In the evolution from “proto-” to “full,” the level of similarity between intention and reproduction certainly reaches new heights, but it does not constitute any objective completion of a system. Instead, it privileges certain aspects of communication and causes spoken language itself to undergo a transformation. Words, which were once just organizational blocks of sound, become more important than the sounds themselves.

If a writing system becomes fuller as it gains the power to record potential speech acts, then audio recording is the fullest writing system developed to date. If, rather, the goal of writing is not to capture speech but to communicate on its own terms, with a distinct set of potentials that sometimes fall short of, but sometimes exceed, those of spoken language, then writing may have begun 20,000 years ago with cave paintings and engravings.

Unfortunately, in using the latter definition one is forced to include the creation of all objets d’art – even those entirely unrelated to language – as writing.

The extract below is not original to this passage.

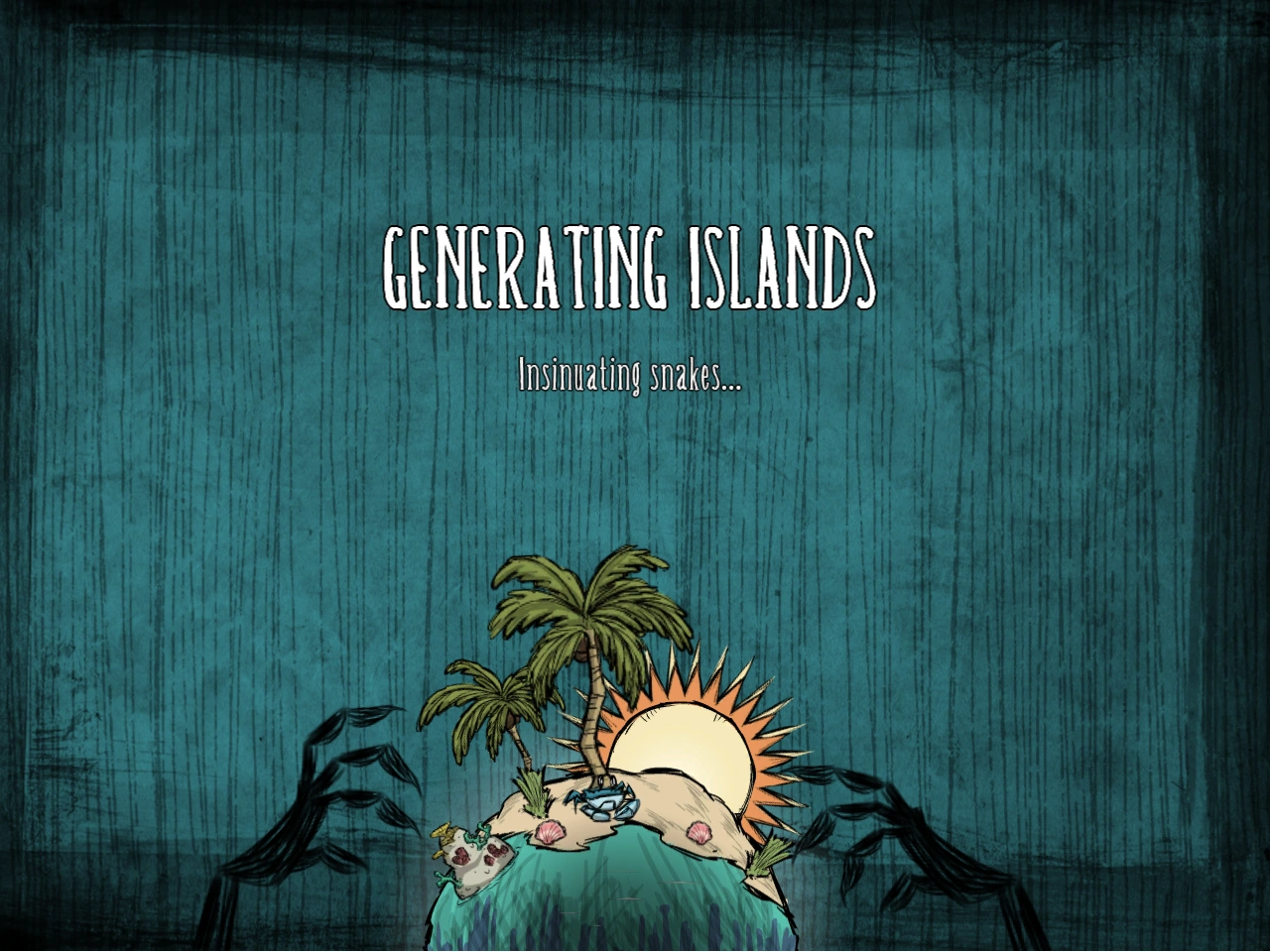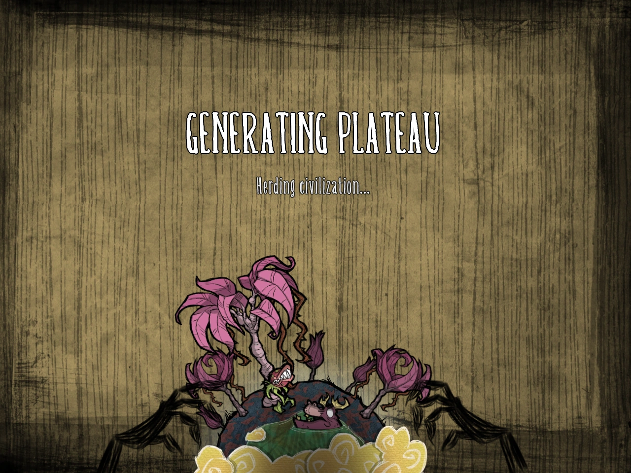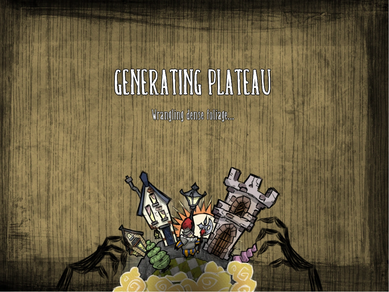 Экран при генерации мира — это переходная/загружающая часть между выбором персонажа и игрой. В ней мы видим чёрные руки, дрожащие над маленьким земным шаром, на котором изображены игровые объекты. Загрузка мира сопровождается короткими шутливыми фразами, такими как "Разгоняем монстров" или "Генерируем бороду Уилсона".

This is clearly even more absurd than the inclusion of audio recordings, and so we come full circle to writing as either language or the representation of language, and to the earliest “full writing” systems on the understanding that they are not “full” so much as “at the peak of their association with spoken language.”

The prevailing view is that four different human cultures achieved “full writing” independently of one other. These were the Sumerian civilization, based in what is today called Iraq; Ancient Egypt; Shang-Dynasty China about a millennium later; and the civilizations of present-day Mexico and Guatemala, sometime between 900 and 600 BC. Each of these developments spread rapidly and prompted neighboring cultures to develop their own writing systems.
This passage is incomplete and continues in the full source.